Only the lines from the top of the listing below through the line containing "In 1940, during" should be output, exactly and with no pictures.

-- Opening Marker --

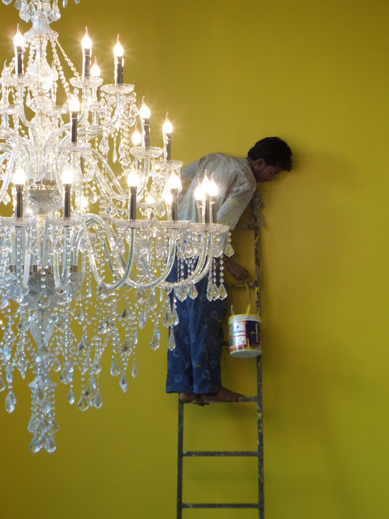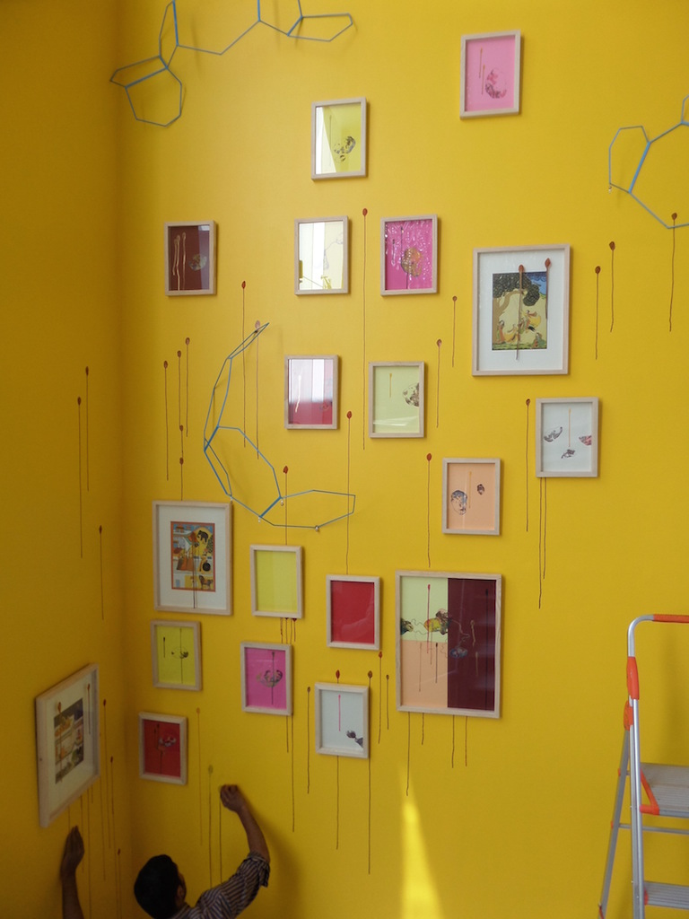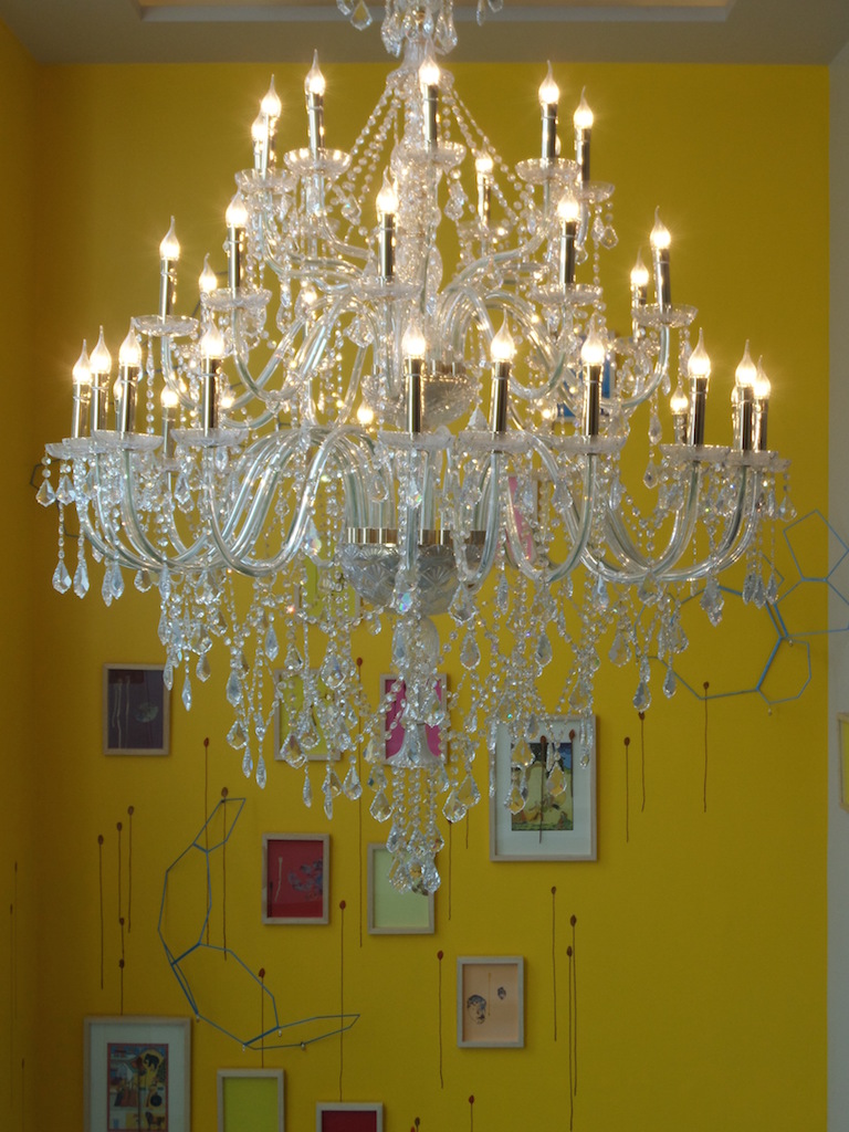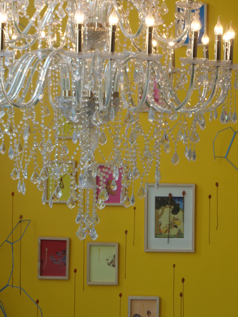 Painted wall, drawings, chandelier, varied dimensions
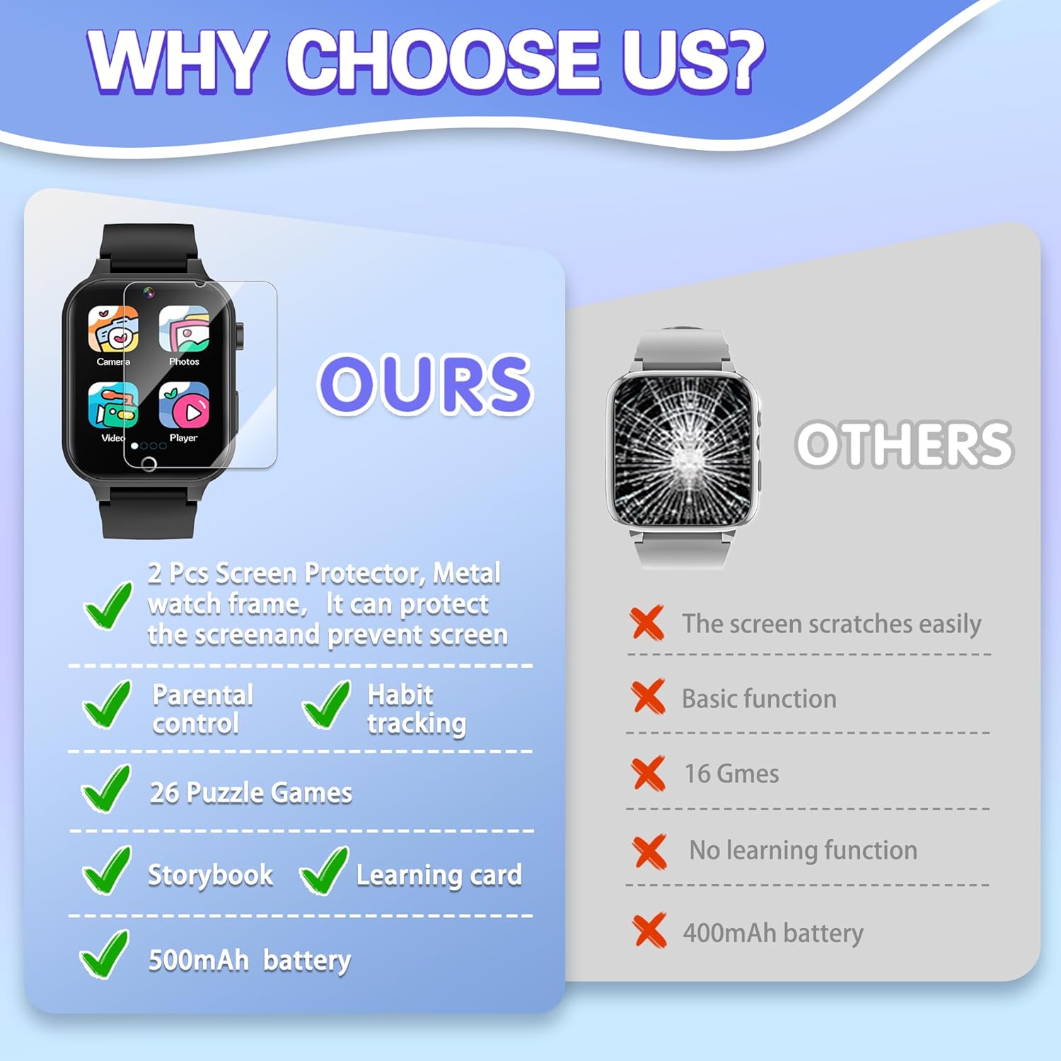 - 【Upgrade Kids Watch】As the upgrade kids smart watch with 2*screen protector, introduces the habit tracking function, stories, and learn card that traditional watches don't have, cultivating children's good habits and imagination. And with playable 26 games to choose from kids. These are suitable for children of multiple ages. That can effectively exercise kids brain and logical thinking ability. It is a perfect gift for 4-12 year old boys and girls.
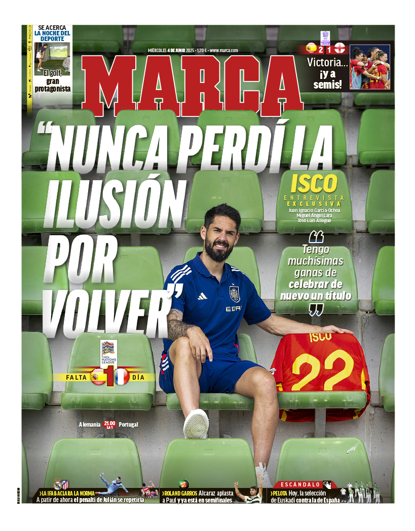 Isco, Mastantuono y más protagonistas en las portadas del 4 de junio de 2025.
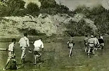 In 1940, during World War II, a group of young Burmese intellectuals left for Japan to receive military training in preparation for an anti-colonial struggle against the British.[8] This group came to be known as the Thirty Comrades, and upon returning to Burma in 1941 they established the Burma Independence Army (BIA) to fight against the Allies.[8][9] Upon their capture of Rangoon in 1942, the Japanese established a puppet state, the State of Burma, and reorganised the BIA as its armed forces, the Burma National Army (BNA).[10] Aung San, the leader of the State of Burma and one of the Thirty Comrades, became increasingly sceptical of Japan's ability to win the war as time progressed, and in mid-1944 he decided to switch sides.[11] Japanese forces capitulated by July 1945, and the British began to negotiate Burma's independence with Aung San and other prominent Burmese leaders.[12]
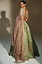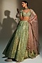 Mahima Mahajan presents a pista green kalidar lehenga crafted in banarasi silk chanderi base with a dragonfly logo on the waist belt and hand embroidery. It is paired with an embroidered blouse and a blush pink silk organza dupatta. Accentuate the look with emerald or polki jewellery, a potli bag and heels for a wedding, sangeet or engagement ceremonies.
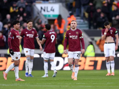 لاعبو وست هام يونايتد خلال مباراة ولفرهامبتون في الدوري الإنجليزي الممتاز - 3 يناير 2026 - Reuters
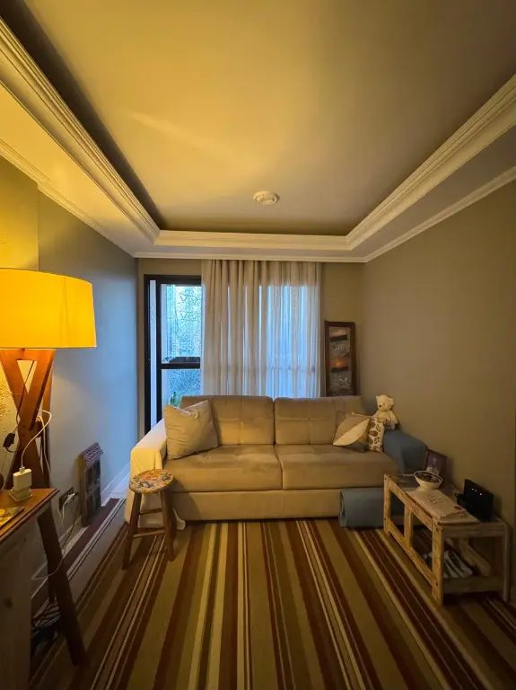 A sala ampla é ideal para receber amigos e familiares, integrando-se harmoniosamente à área de jantar e à cozinha planejada, que oferece praticidade no dia a dia. O apartamento ainda conta com vaga de garagem no subsolo, garantindo mais segurança e comodidade.
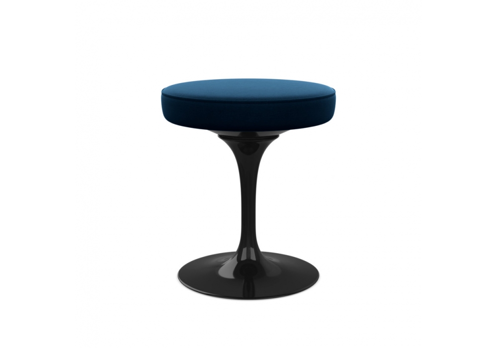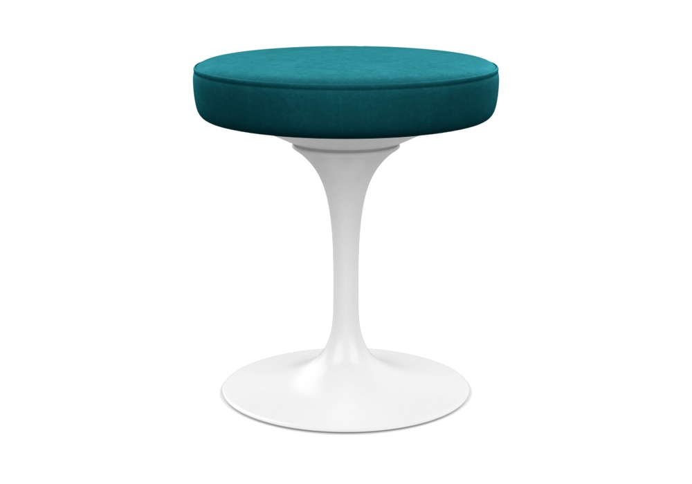 Tulip firmato da Eero Saarinen per Knoll è uno sgabello con base in alluminio trattato e protetto con Rilsan in finitura bianca o nera. Rivestimento in tessuto o pelle.
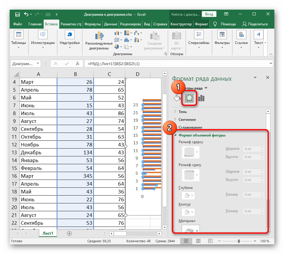 Сразу же после этого откройте раздел посередине, отвечающий за редактирование формата объемной фигуры. Задайте ей рельеф, контур и присвойте текстуру при надобности. Не забывайте следить за изменениями в диаграмме и отменять их, если что-то не нравится.
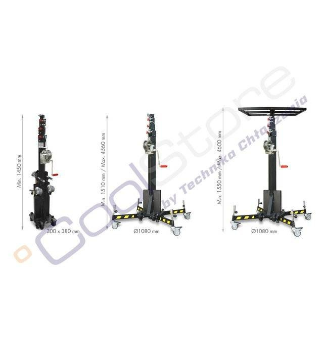 Ten zwijany stojak składa się z 4 teleskopowych sekcji wykonanych ze stali wykończonych teksturowaną czarną powłoką proszkową (epoksydową) specjalną do użytku na zewnątrz. Stabilne sekcje są podnoszone za pomocą nieobrotowej stalowej liny o średnicy 4 mm (0,16 ″) z niezależnym ocynkowanym rdzeniem stalowym (konstrukcja: 7 × 19 + 0), specjalnie zaprojektowanej do podnoszenia dużych ciężarów (DIN 3060).
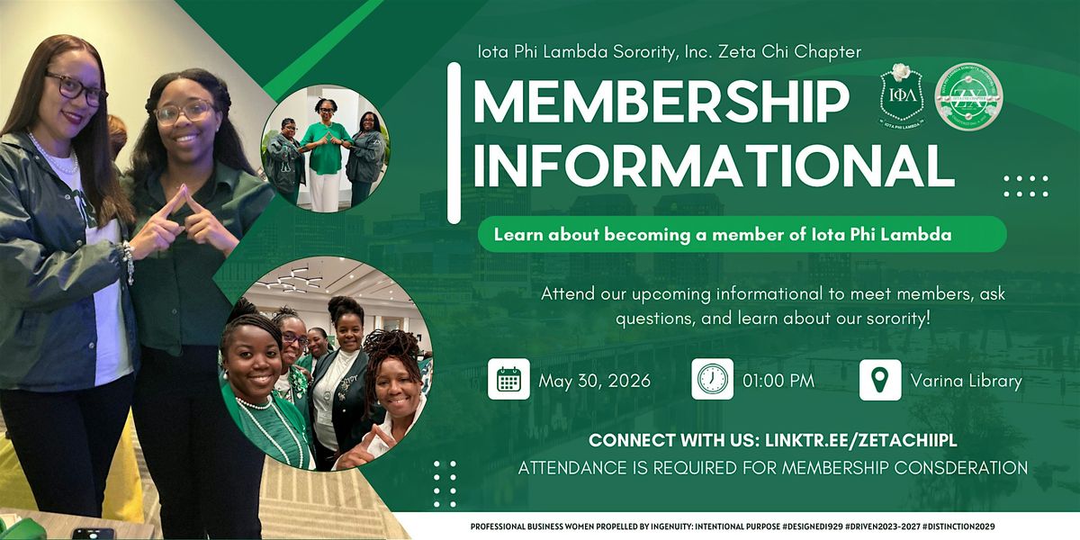 Join the Zeta Chi Chapter of Iota Phi Lambda Sorority, Inc. for our upcoming interest meeting! Enjoy our presentation, where you will learn about our organization and what it means to be a chapter member. This relaxed and informative event is the perfect opportunity to meet chapter members and get all your questions about joining Iota answered.
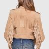 The Gemma Suede Jacket is a statement-making moto jacket crafted from soft, real suede, featuring bold fringe detailing at the front and back for a touch of Western-inspired flair.
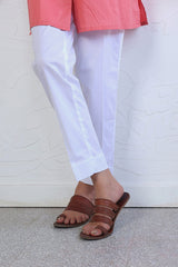Straight fit white plain trousers.
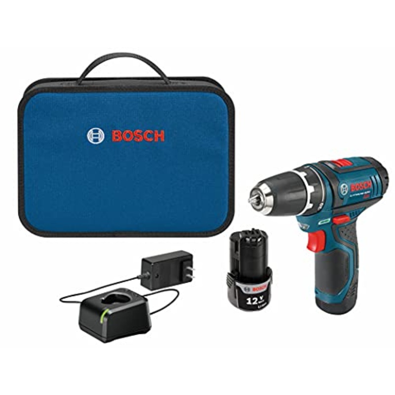 Featuring a compact, lightweight design for easy handling overhead and in tight spaces, the Bosch 12-Volt max drill/driver lets you tackle professional jobs with ease. Offering high torque and the convenience of two speed settings, this tool is powerful and user-friendly for fast, efficient drilling and driving. This drill/driver combines speed, power, and performance, making it ideal for professionals and do-it-yourselfers. It comes with two batteries, a charger, and a carrying case.
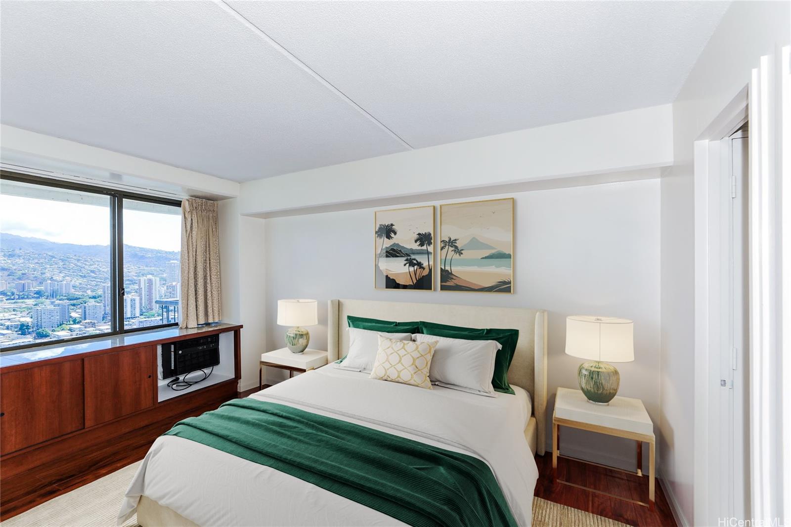 ワンレベル下のペントハウス - コオラウ山脈の絶景を望むリフォーム済みコンドミニアム。美しくリフォームされた2ベッドルーム、2バスルームのこのコンドミニアムからは、街とコオラウ山脈の絶景を一望できます。居心地の良いオープンコンセプトのキッチンは、カウンタートップ、バックスプラッシュ、家電がアップグレードされ、リビングエリアとシームレスに繋がっており、おもてなしにも最適です。室内洗濯機と乾燥機、警報/消火スプリンクラーシステム、そして屋根付き/安全な指定駐車場1台分など、便利な設備も完備しています。24時間体制のセキュリティに加え、プール、サウナ、ゲスト用駐車場、中庭、バスケットボールコートとテニスコート、バーベキューエリア、パッティンググリーン、洗車場、ロビー階にあるコンビニエンスストアなど、リゾートスタイルの暮らしを満喫できる充実したアメニティをご用意しています。ホノルル中心部、ハワイ大学マノア校、アラモアナセンター、ワイキキ、ビーチ、レストラン、ショッピング、公共交通機関にも近く、都会的な暮らしと島の快適さが融合した、この貴重な機会をお見逃しなく!現状のまま販売され、強化され、仮想的にステージングされた写真です。
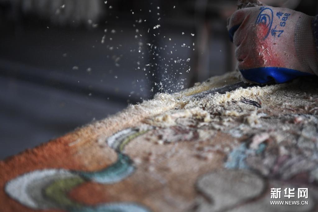 天水丝毯的织造工人进行丝毯的平整工作(4月12日摄)。新华社记者 陈斌 摄
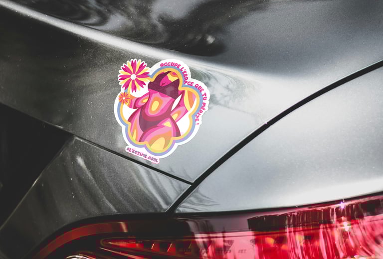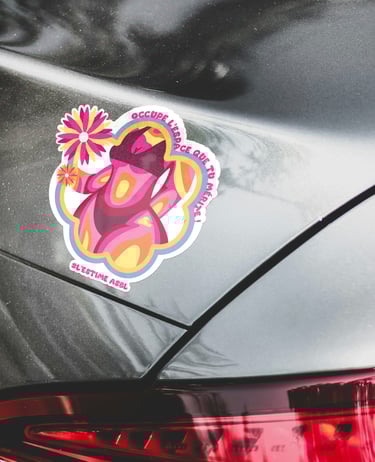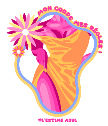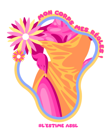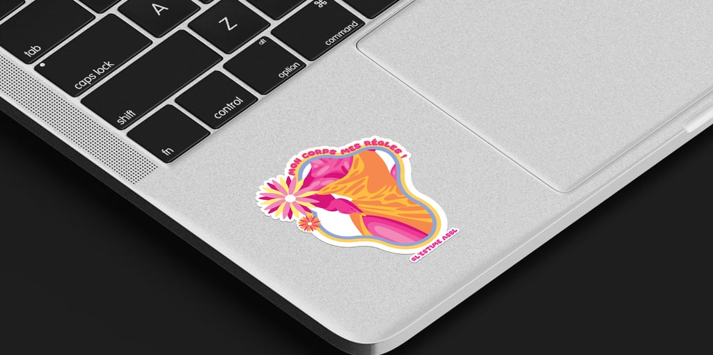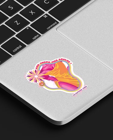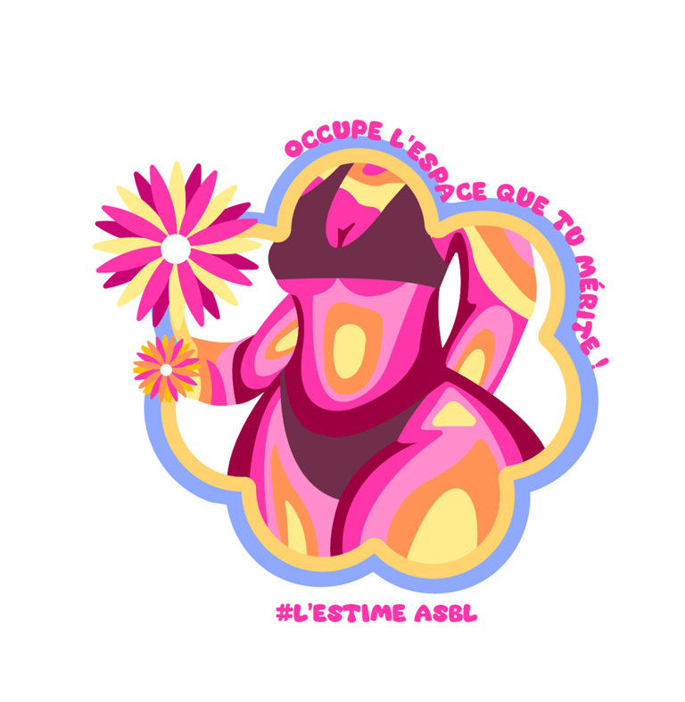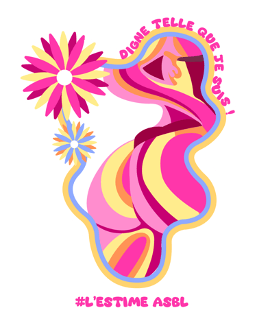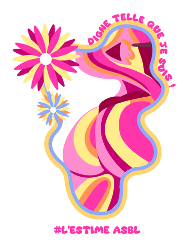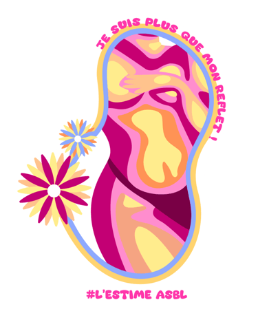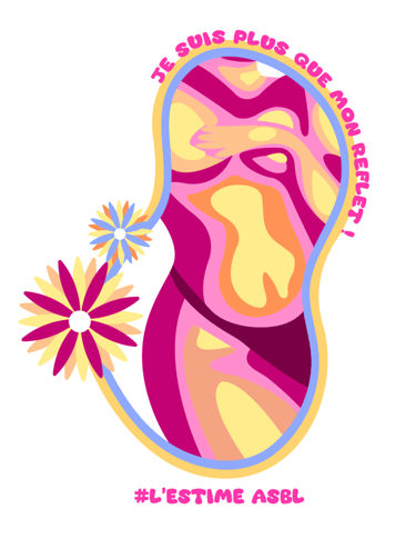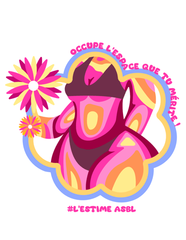 Chaque visuel révèle une intention : des corps de toutes formes encadrés de contours fluides et colorés, ornés de fleurs qui éclosent comme autant de symboles de renaissance. Les slogans s'enroulent autour des silhouettes – « Digne telle que je suis ! », « Mon corps mes règles », « Occupe l'espace que tu mérites ! » – transformant chaque autocollant en manifeste de poche. Les formes organiques ondulent, refusent la rigidité, célèbrent le mouvement.

-- Closing Marker --

● Response
 Painted wall, drawings, chandelier, varied dimensions
 - 【Upgrade Kids Watch】As the upgrade kids smart watch with 2*screen protector, introduces the habit tracking function, stories, and learn card that traditional watches don't have, cultivating children's good habits and imagination. And with playable 26 games to choose from kids. These are suitable for children of multiple ages. That can effectively exercise kids brain and logical thinking ability. It is a perfect gift for 4-12 year old boys and girls.
 Isco, Mastantuono y más protagonistas en las portadas del 4 de junio de 2025.
 In 1940, during World War II, a group of young Burmese intellectuals left for Japan to receive military training in preparation for an anti-colonial struggle against the British.[8] This group came to be known as the Thirty Comrades, and upon returning to Burma in 1941 they established the Burma Independence Army (BIA) to fight against the Allies.[8][9] Upon their capture of Rangoon in 1942, the Japanese established a puppet state, the State of Burma, and reorganised the BIA as its armed forces, the Burma National Army (BNA).[10] Aung San, the leader of the State of Burma and one of the Thirty Comrades, became increasingly sceptical of Japan's ability to win the war as time progressed, and in mid-1944 he decided to switch sides.[11] Japanese forces capitulated by July 1945, and the British began to negotiate Burma's independence with Aung San and other prominent Burmese leaders.[12]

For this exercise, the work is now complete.